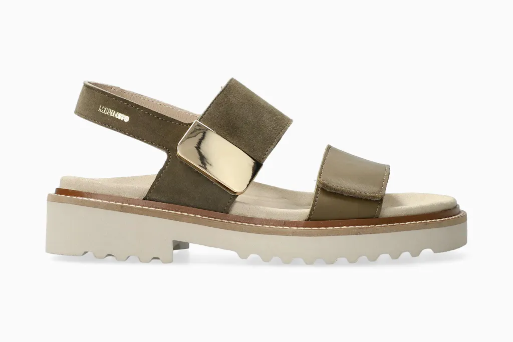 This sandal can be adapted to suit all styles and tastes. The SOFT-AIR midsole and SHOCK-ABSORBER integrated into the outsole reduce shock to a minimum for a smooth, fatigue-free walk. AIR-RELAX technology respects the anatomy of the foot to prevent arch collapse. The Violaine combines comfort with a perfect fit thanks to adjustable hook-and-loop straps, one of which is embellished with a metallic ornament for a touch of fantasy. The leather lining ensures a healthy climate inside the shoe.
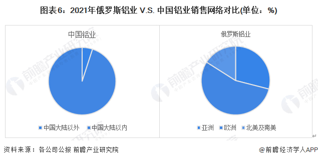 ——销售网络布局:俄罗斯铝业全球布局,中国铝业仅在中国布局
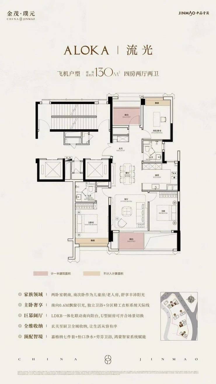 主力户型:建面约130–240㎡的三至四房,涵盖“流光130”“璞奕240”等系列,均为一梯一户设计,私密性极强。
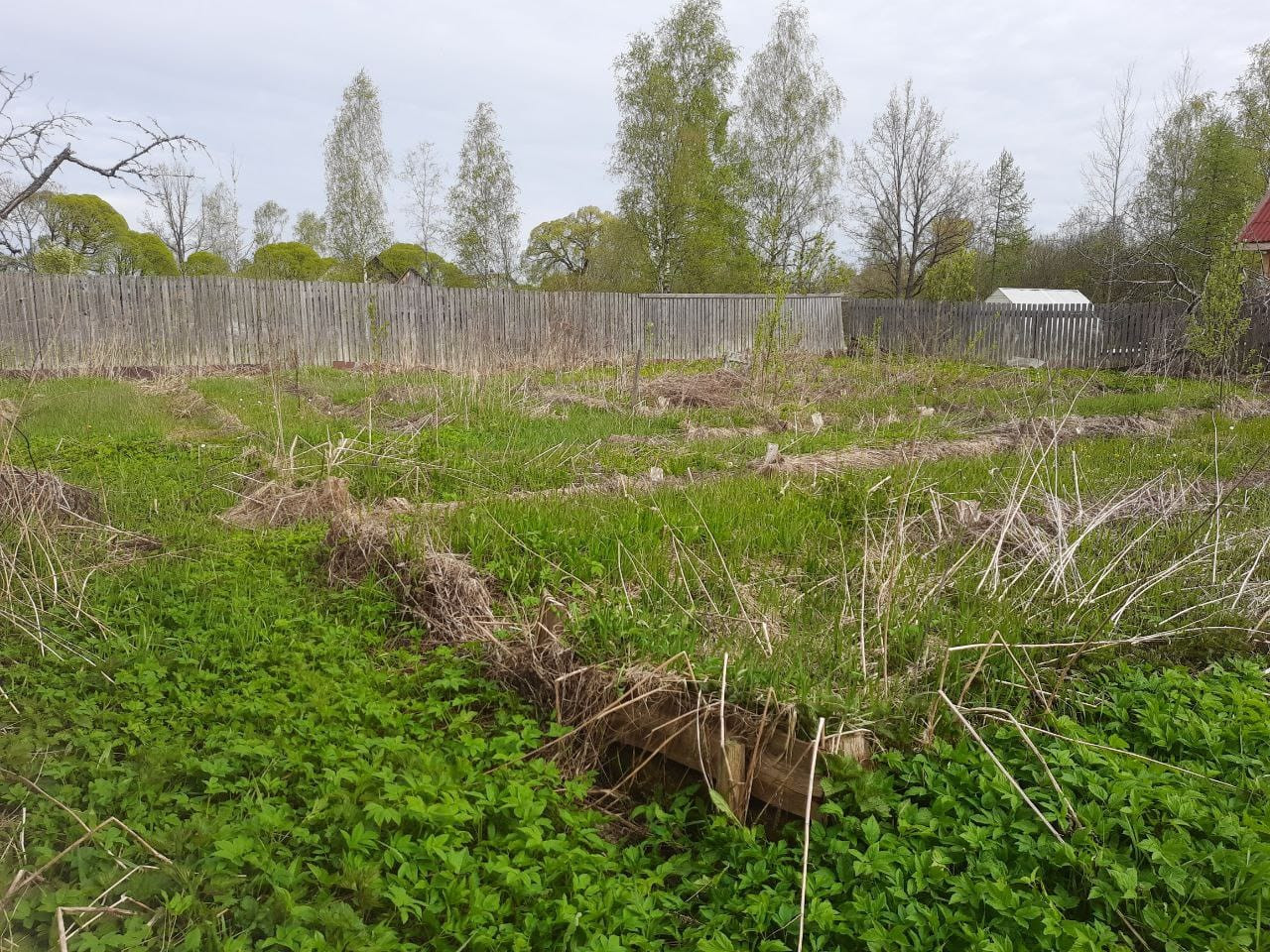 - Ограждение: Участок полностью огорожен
== == ==
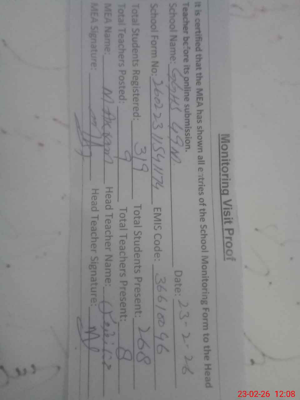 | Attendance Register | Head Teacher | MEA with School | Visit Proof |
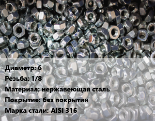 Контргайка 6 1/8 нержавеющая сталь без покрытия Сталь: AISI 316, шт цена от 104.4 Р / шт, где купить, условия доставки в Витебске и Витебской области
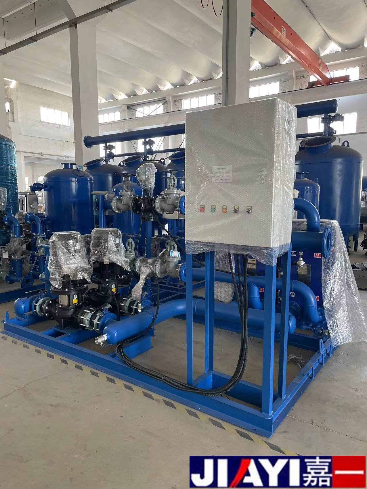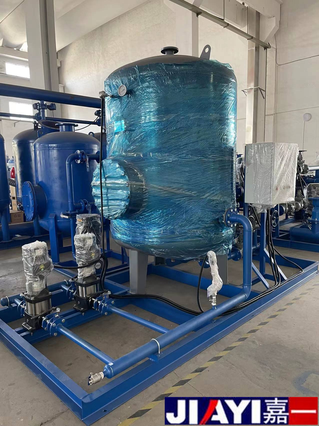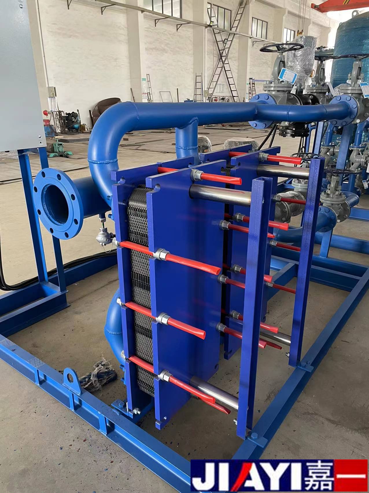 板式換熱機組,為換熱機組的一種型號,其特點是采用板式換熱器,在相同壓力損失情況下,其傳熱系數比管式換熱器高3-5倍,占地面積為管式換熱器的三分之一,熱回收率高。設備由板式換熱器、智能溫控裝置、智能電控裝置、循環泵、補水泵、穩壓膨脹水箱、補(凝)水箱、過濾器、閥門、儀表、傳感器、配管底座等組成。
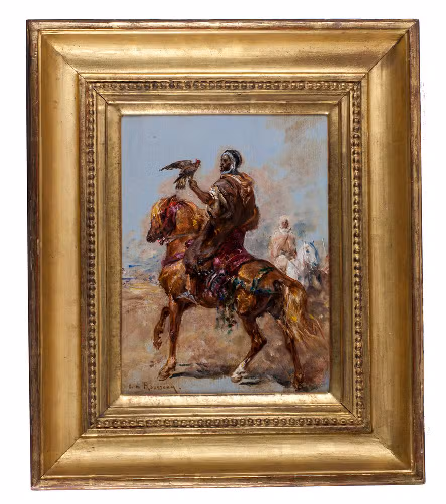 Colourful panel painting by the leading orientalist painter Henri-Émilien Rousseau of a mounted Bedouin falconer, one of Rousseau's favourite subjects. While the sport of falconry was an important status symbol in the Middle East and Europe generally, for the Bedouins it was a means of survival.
== == ==
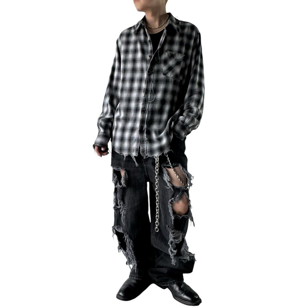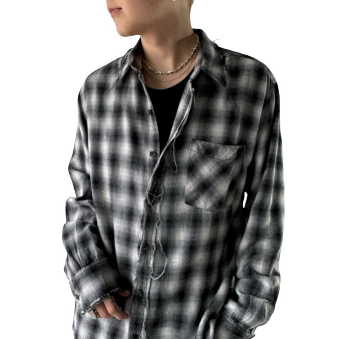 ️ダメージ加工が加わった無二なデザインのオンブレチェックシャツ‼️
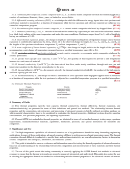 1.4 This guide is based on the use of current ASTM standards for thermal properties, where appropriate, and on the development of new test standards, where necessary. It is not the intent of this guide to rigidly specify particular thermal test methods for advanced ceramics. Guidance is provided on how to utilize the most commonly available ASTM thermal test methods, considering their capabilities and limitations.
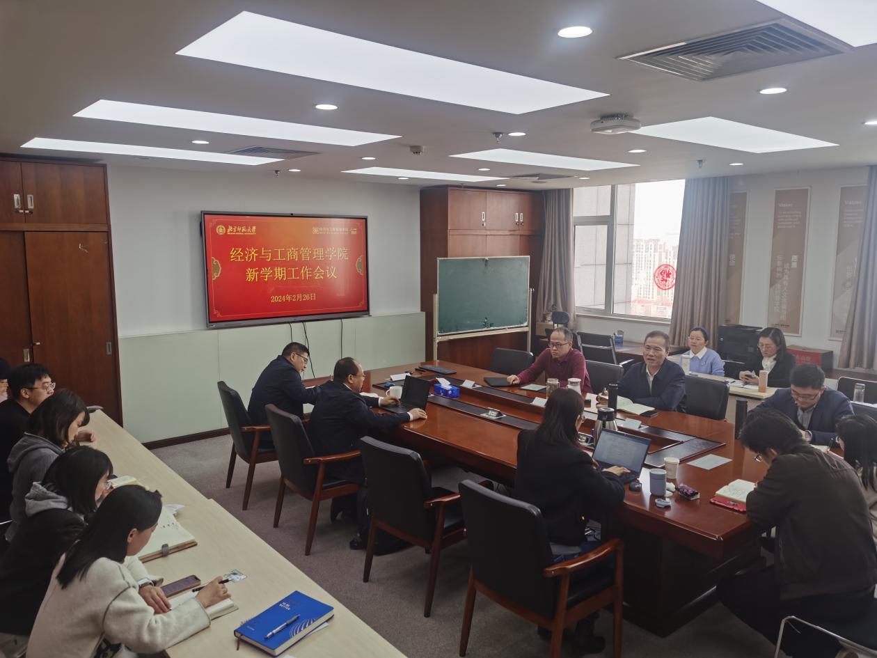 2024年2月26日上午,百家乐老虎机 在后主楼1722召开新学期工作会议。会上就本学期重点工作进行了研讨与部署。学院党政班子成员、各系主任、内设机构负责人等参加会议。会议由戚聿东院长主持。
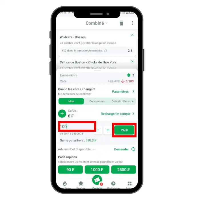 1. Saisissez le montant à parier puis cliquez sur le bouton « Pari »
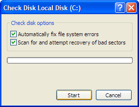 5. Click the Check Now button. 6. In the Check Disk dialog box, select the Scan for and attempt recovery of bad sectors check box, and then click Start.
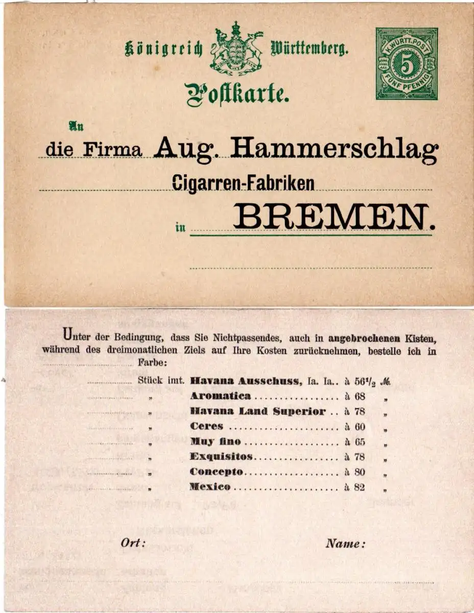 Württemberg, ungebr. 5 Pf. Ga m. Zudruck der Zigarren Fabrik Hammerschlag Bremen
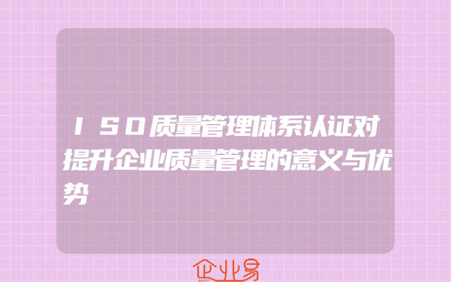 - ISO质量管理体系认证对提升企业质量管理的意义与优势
== == ==
## Task directions
Go back to the lines above and output, exactly as they stand, the ones from the line containing "1.4 This guide" to the line containing "- ISO质量管理体系认证对提升企业质量管理的意义与优势". Leave all pictures behind.

## Output
 1.4 This guide is based on the use of current ASTM standards for thermal properties, where appropriate, and on the development of new test standards, where necessary. It is not the intent of this guide to rigidly specify particular thermal test methods for advanced ceramics. Guidance is provided on how to utilize the most commonly available ASTM thermal test methods, considering their capabilities and limitations.
 2024年2月26日上午,百家乐老虎机 在后主楼1722召开新学期工作会议。会上就本学期重点工作进行了研讨与部署。学院党政班子成员、各系主任、内设机构负责人等参加会议。会议由戚聿东院长主持。
 1. Saisissez le montant à parier puis cliquez sur le bouton « Pari »
 5. Click the Check Now button. 6. In the Check Disk dialog box, select the Scan for and attempt recovery of bad sectors check box, and then click Start.
 Württemberg, ungebr. 5 Pf. Ga m. Zudruck der Zigarren Fabrik Hammerschlag Bremen
 - ISO质量管理体系认证对提升企业质量管理的意义与优势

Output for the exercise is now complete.